Robert Jandrek

Personal information
- Date of birth: 30 August 1995 (age 30)
- Place of birth: Sinj, Croatia
- Height: 1.83 m (6 ft 0 in)
- Position(s): Right winger

Team information
- Current team: Posušje
- Number: 47

Youth career
- 2002–2006: Junak Sinj
- 2006–2007: Omladinac Vranjic
- 2007–2009: Hajduk Split
- 2009–2010: Glavice
- 2010–2013: Junak Sinj
- 2013–2014: Lokomotiva Zagreb

Senior career*
- Years: Team / Apps / (Gls)
- 2014–2015: Junak Sinj / 43 / (5)
- 2016–2018: Hajduk Split / 9 / (0)
- 2016–2017: → Hajduk II / 44 / (18)
- 2018: → Dugopolje (loan) / 8 / (1)
- 2018–2019: Junak Sinj
- 2019: Krško / 16 / (0)
- 2019–2020: Junak Sinj
- 2020: Ilzer SV / 0 / (0)
- 2020–2022: Junak Sinj / 32 / (8)
- 2022–2023: NK Hrvace
- 2023–: Posušje / 3 / (0)

= Robert Jandrek =

Croatian footballer

Robert Jandrek (/hr/; born 30 August 1995) is a Croatian footballer who plays as a right winger for Posušje.

==Club career==
Born in Sinj, Croatia, Jandrek started his hometown club NK Junak Sinj at the age of 7, before moving on to NK Omladinac Vranjic, before spending two seasons at the regional powerhouse HNK Hajduk Split's academy. Though a right winger, he played at his own initiative at right-back in a generation with the likes of Mario Pašalić, Tonći Mujan and others. Not breaking through, Jandrek returned to the Sinj region, first to NK Glavice, and then back to Junak. Jandrek spent his last U19 season at NK Lokomotiva in Zagreb, where he was moved from the wing to the center of the pitch, but returned to NK Junak Sinj and his old playing position in the summer of 2014.

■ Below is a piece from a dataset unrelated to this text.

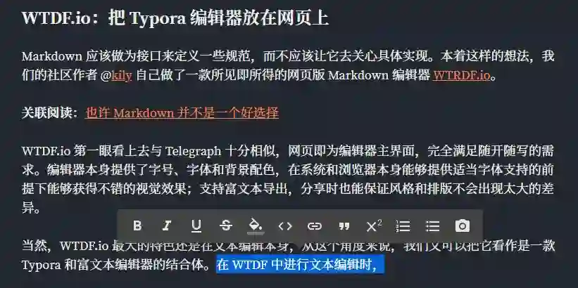 当然,WTDF.io 最大的特色还是在文本编辑本身,从这个角度来说,我们又可以把它看作是一款 Typora 和富文本编辑器的结合体:在 WTDF 中进行文本编辑时,我们既可以按照 Markdown 语法进行写作,写作的同时编辑器会直接将样式结果呈现出来;遇到 Markdown 语法较为复杂的地方,我们又可以像使用 Word 那样选字,然后通过弹出的样式工具栏对选中文本进行格式化。

Jandrek made a strong impact at the third-tier club, quickly securing a first-team place, accumulating 26 caps and 1 goal in his first senior season. He picked up the pace the following fall, drawing interest from HNK Hajduk Split again. Hajduk moved fast and, in November 2015, settled his transfer. Jandrek joined the club at the beginning of 2016, becoming a firm fixture in the reserve team (third-tier at the time). Jandrek picked up his form, scoring 6 goals in 15 matches from the wing, playing well enough that Joan Carrillo not calling him up for the first-team preparations created controversy among the followers of the club. Jandrek, however, was not forgotten by the first team manager, and made his Prva HNL debut on March 31, 2017, in the 1–3 away win against Inter Zaprešić, coming on in the 89th minute for Said Ahmed Said. Hajduk's reserve squad achieved promotion to Druga HNL at the end of the season, Jandrek having contributed with 12 goals in 26 matches in total.

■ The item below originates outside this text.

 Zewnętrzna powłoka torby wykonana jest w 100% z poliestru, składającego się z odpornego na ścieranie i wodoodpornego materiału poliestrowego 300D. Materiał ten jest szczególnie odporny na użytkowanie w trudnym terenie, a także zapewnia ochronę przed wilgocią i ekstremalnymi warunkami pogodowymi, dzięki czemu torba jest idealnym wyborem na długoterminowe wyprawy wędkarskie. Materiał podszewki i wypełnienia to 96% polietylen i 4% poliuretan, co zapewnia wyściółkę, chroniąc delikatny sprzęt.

In August 2019, Jandrek returned to NK Junak Sinj. Jandrek moved to Austrian club Ilzer SV in February 2020. However, due to the COVID-19 pandemic, no official games was played during his time at the club, so he left the club again in the summer 2020, after playing a few friendly games. He then returned to Junak Sinj once again.